### Assignment
Beneath this line sits some data. Return only its lines from the one holding "Friends and family" through the one holding "A b. o. t. o. x hatását utánzó Argireloxpeptid", inclusive, exactly, with the images removed.

### Recorded data
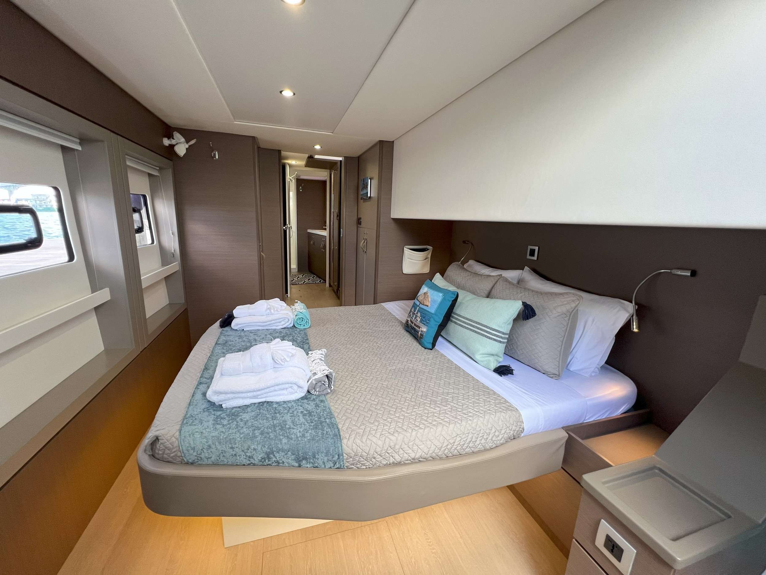 Moving indoors, the yacht’s interior feels thoughtfully composed, combining comfort and sophistication in a way that suits both lively social time and more restful moments. The saloon offers a welcoming place to gather, while the cabins provide a calm, private retreat at the end of each day. One of KITTIWAKE’s most appealing features is the innovative aft wall panel, which lifts at the touch of a button and transforms the saloon into an airy, open-plan space that flows directly onto the aft deck and down to the inviting swim platform. Every double cabin includes a private en suite bathroom with modern electric toilets, generous showers, and elegant vanity areas, giving guests the privacy and convenience that make a real difference over the course of a charter.
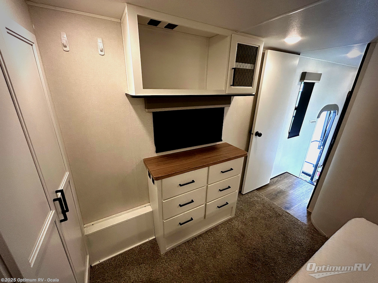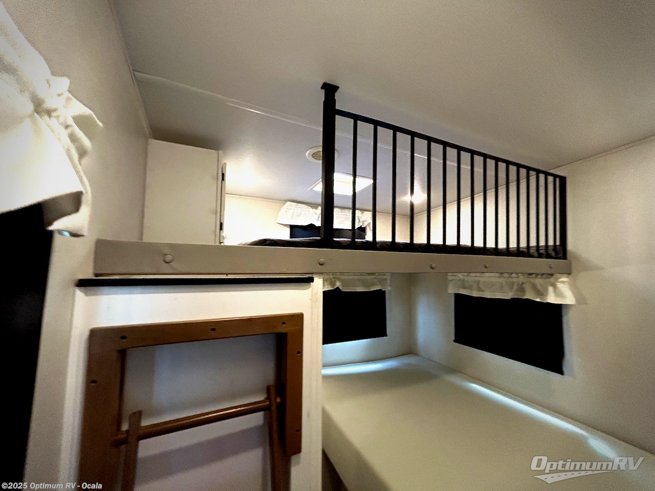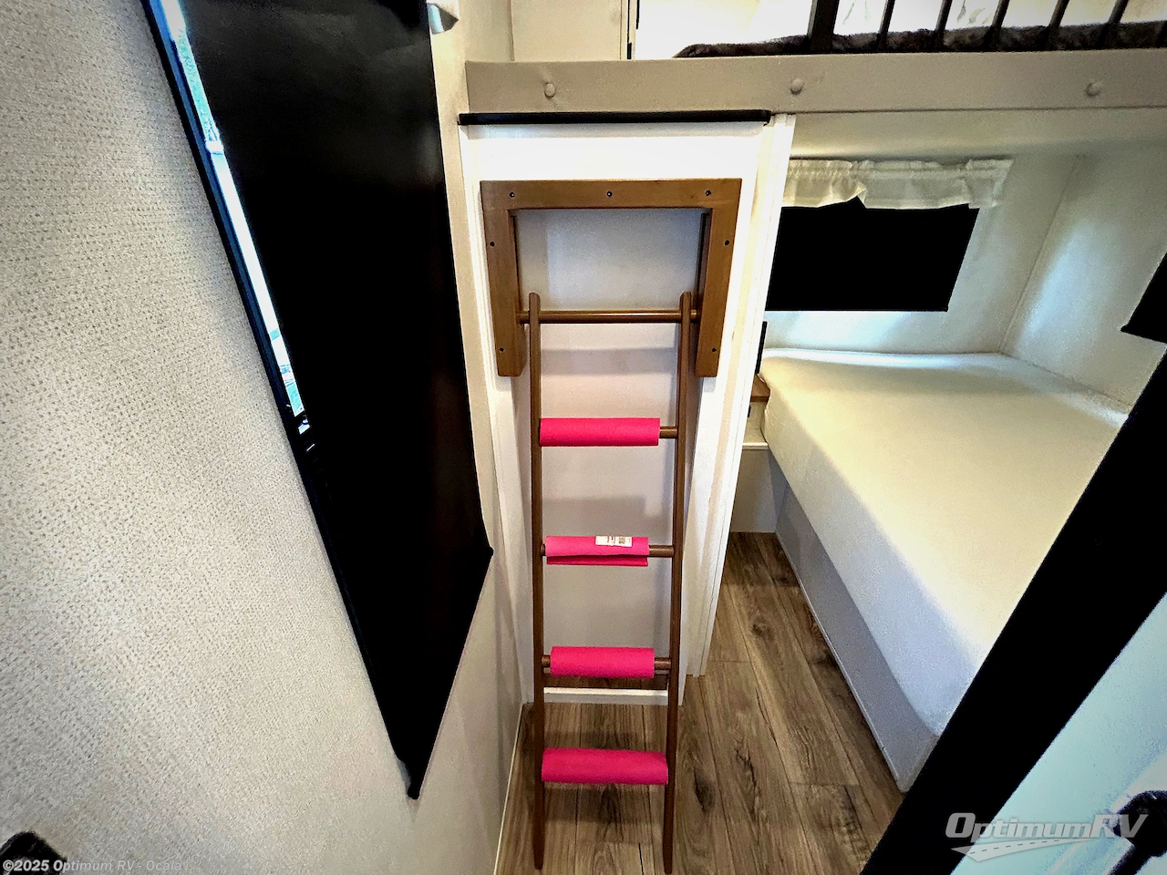 Friends and family will love to tag along to the campground in this dual entry, bath and a half, two-bedroom fifth wheel! A king bed comes standard in the front bedroom, along with a front wardrobe and a dresser for clothes storage. Your guests can take the rear bedroom with a 54" x 75" bed with a loft bed above, plus a half bath with its own exterior entry door. Meet in the central living area on the theater seating and across from the LED TV, or head outdoors to relax under the 19' awning. The chef will love the interior kitchen since it has a kitchen island with a butcher block top, but they may decide to cook outdoors on the outside kitchen if they're frying bacon or fish!
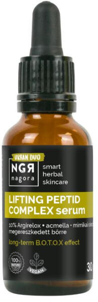 A b. o. t. o. x hatását utánzó Argireloxpeptid szérum mimikai ráncokra, megereszkedett bőrre, hosszú távú hatással. Duo: 10% Argirelox + acmella + bio hársfa Funkció: 10% Argirelox : a b. o. t. o. x hatását utánzó Pentapeptide-18 + ráncok mélységét csökkentő Hexapeptide-8 szinergiája acmella: bizonyítottan javítja a bőr feszességét, tónusát bio hársfa: nyugtatja, ra
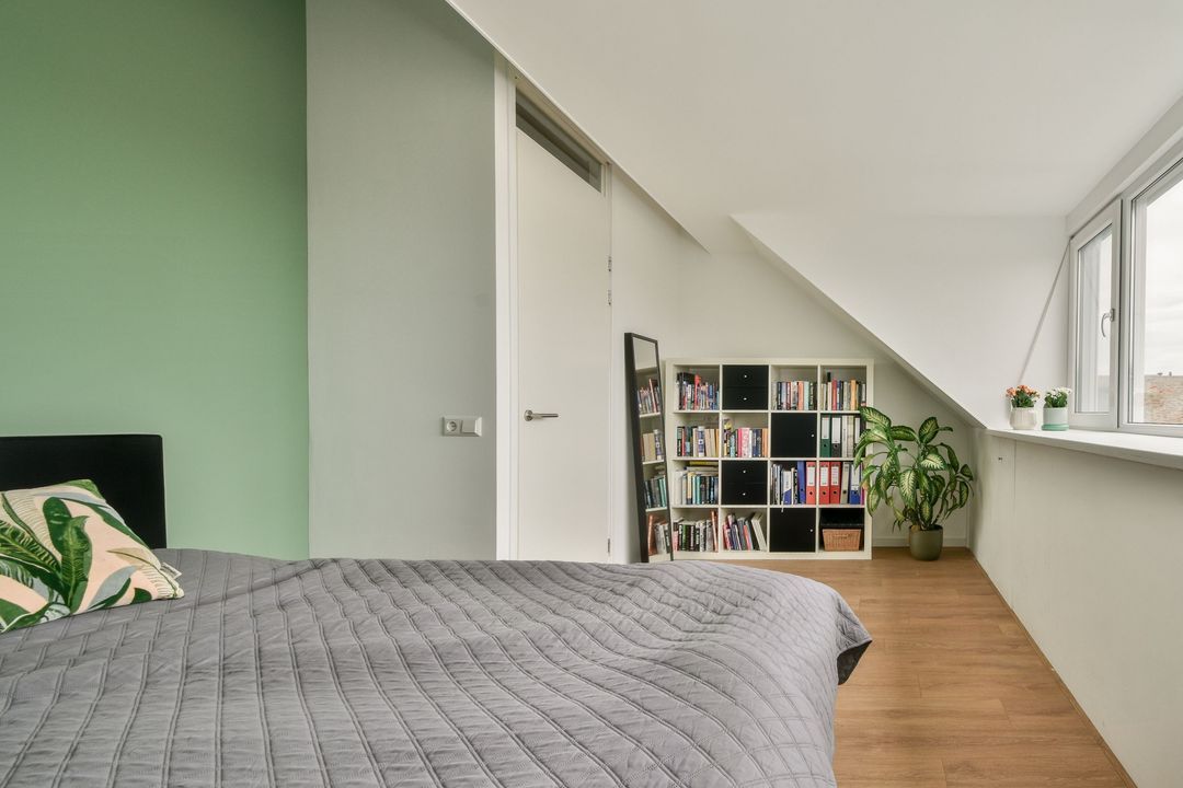Op zolder is in 2022 een mooie indeling gemaakt. Zo is in 2021 aan de achterzijde van de woning is een groot kunststof dakkapel met rolluiken en horren geplaatst. Hier is een grote kamer gerealiseerd. Deze kamer heeft veel bergruimte achter de schotten.

### Written response
 Friends and family will love to tag along to the campground in this dual entry, bath and a half, two-bedroom fifth wheel! A king bed comes standard in the front bedroom, along with a front wardrobe and a dresser for clothes storage. Your guests can take the rear bedroom with a 54" x 75" bed with a loft bed above, plus a half bath with its own exterior entry door. Meet in the central living area on the theater seating and across from the LED TV, or head outdoors to relax under the 19' awning. The chef will love the interior kitchen since it has a kitchen island with a butcher block top, but they may decide to cook outdoors on the outside kitchen if they're frying bacon or fish!
 A b. o. t. o. x hatását utánzó Argireloxpeptid szérum mimikai ráncokra, megereszkedett bőrre, hosszú távú hatással. Duo: 10% Argirelox + acmella + bio hársfa Funkció: 10% Argirelox : a b. o. t. o. x hatását utánzó Pentapeptide-18 + ráncok mélységét csökkentő Hexapeptide-8 szinergiája acmella: bizonyítottan javítja a bőr feszességét, tónusát bio hársfa: nyugtatja, ra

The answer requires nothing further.